Quotulatiousness

February 19, 2026

QotD: The Donation of Constantine

Filed under: Europe, History, Italy, Quotations, Religion — Tags: , , , , , — Nicholas @ 01:00

Y’all know I love the 15th century. Not “the Renaissance”, although “the Renaissance” — insofar as that’s a useful concept of historical analysis, which is not very — was in full swing in Italy by 1400, and soon enough north of the Alps, too. The professional periodization and terminology can be confusing here — the “Northern Renaissance” can refer to different things, sometimes a hundred or more years apart, depending on whether you’re talking about visual arts or poetry or what have you. So I prefer to confine the term “Renaissance” to Italy. Unless I’m talking specifically and exclusively about Italy, I’ll refer to the period as “the 15th century”.

I love it because it’s clearly a watershed moment in human thought. I don’t mean the rediscovery of the classical past; I mean the shift between a more cyclical orientation towards life, versus an orientation around linear time. Time as the regular procession of the seasons, vs. time as a stream or river.

Some examples will help. The 15th century saw not just the creation of archives-based history, but the techniques in various fields that make archival work possible. For instance, the Donation of Constantine was definitively proved to be a forgery in the 15th century, on the basis of philological evidence. Before that point, the people using the Donation – both ways — wouldn’t have cared too much if they knew it was a fake.

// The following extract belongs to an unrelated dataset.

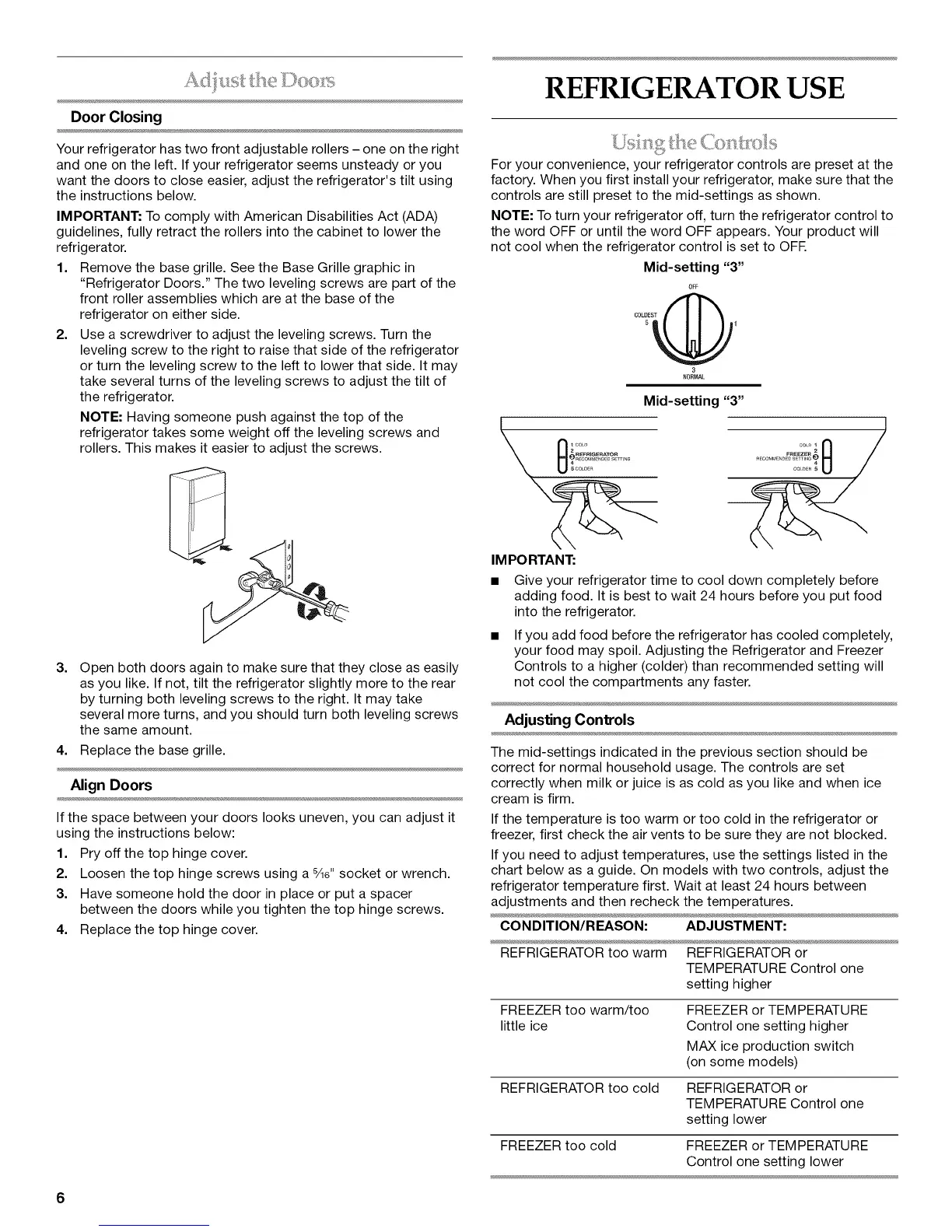 your food may spoil. Adjusting the Refrigerator and Freezer

Not because they were opportunists (although they were), but because “factual accuracy”, to use one of my favorite of the Media’s many Freudian slips, just didn’t matter much back then.

When they said “the Donation of Constantine” they meant “hallowed by tradition”, and if you’d proved to them that the Donation was fake, they’d just keep on keepin’ on — ok, then, “hallowed by tradition” it is, everyone update your style books accordingly.

Severian, “The Ghosts (II)”, Founding Questions, 2022-05-18.